• [Data shown]
━━━━━━━━━━━━━━━━

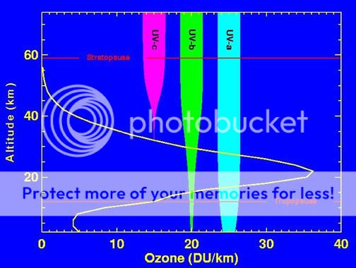 رسم بياني يوضح مستويات الأوزون عند ارتفاعات مختلفة و منع الأشعة فوق البنفسجية
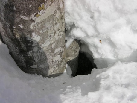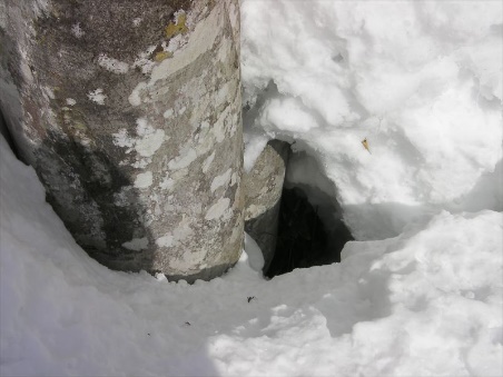 新しい雪で隠されているが,ブナの根元には根開きが始まっている.いつの間にか春である.
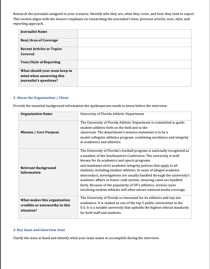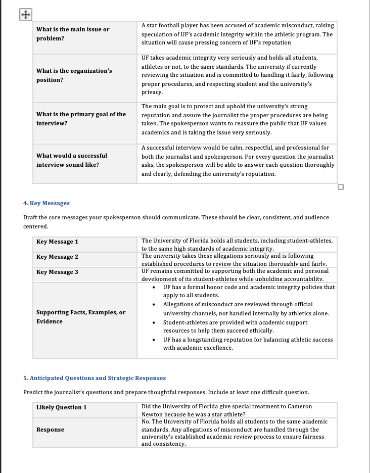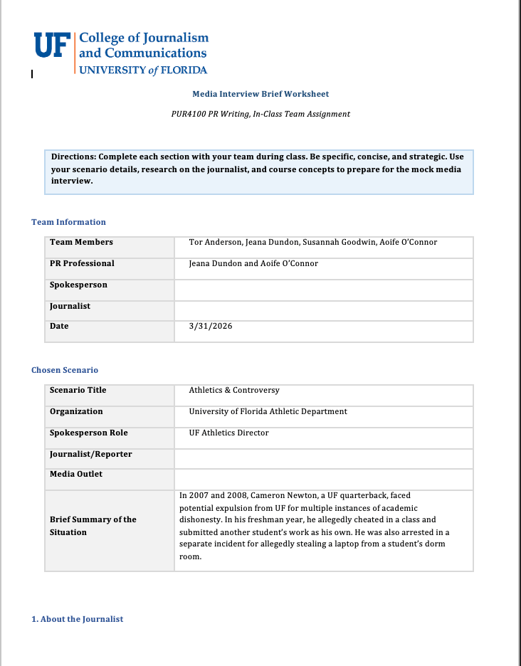 This media interview brief was created as part of a public relations assignment focused on athlete media strategy and message preparation. The brief centers on Cam Newton during his time as quarterback at University of Florida, with the objective of preparing key messaging, potential interview questions, and talking points for media appearances. The target audience includes sports journalists, fans, and stakeholders interested in team performance and athlete branding. The strategy emphasizes clear, confident messaging that highlights leadership, performance, and personal brand development while ensuring consistency and professionalism across media interactions.

━━━━━━━━━━━━━━━━

• [Exercise]
Reproduce the listing above from the line that contains "新しい雪で隠されているが,ブ" through its final line, exactly and with nothing added. Omit the images.

• [Exercise response]
 新しい雪で隠されているが,ブナの根元には根開きが始まっている.いつの間にか春である.
 This media interview brief was created as part of a public relations assignment focused on athlete media strategy and message preparation. The brief centers on Cam Newton during his time as quarterback at University of Florida, with the objective of preparing key messaging, potential interview questions, and talking points for media appearances. The target audience includes sports journalists, fans, and stakeholders interested in team performance and athlete branding. The strategy emphasizes clear, confident messaging that highlights leadership, performance, and personal brand development while ensuring consistency and professionalism across media interactions.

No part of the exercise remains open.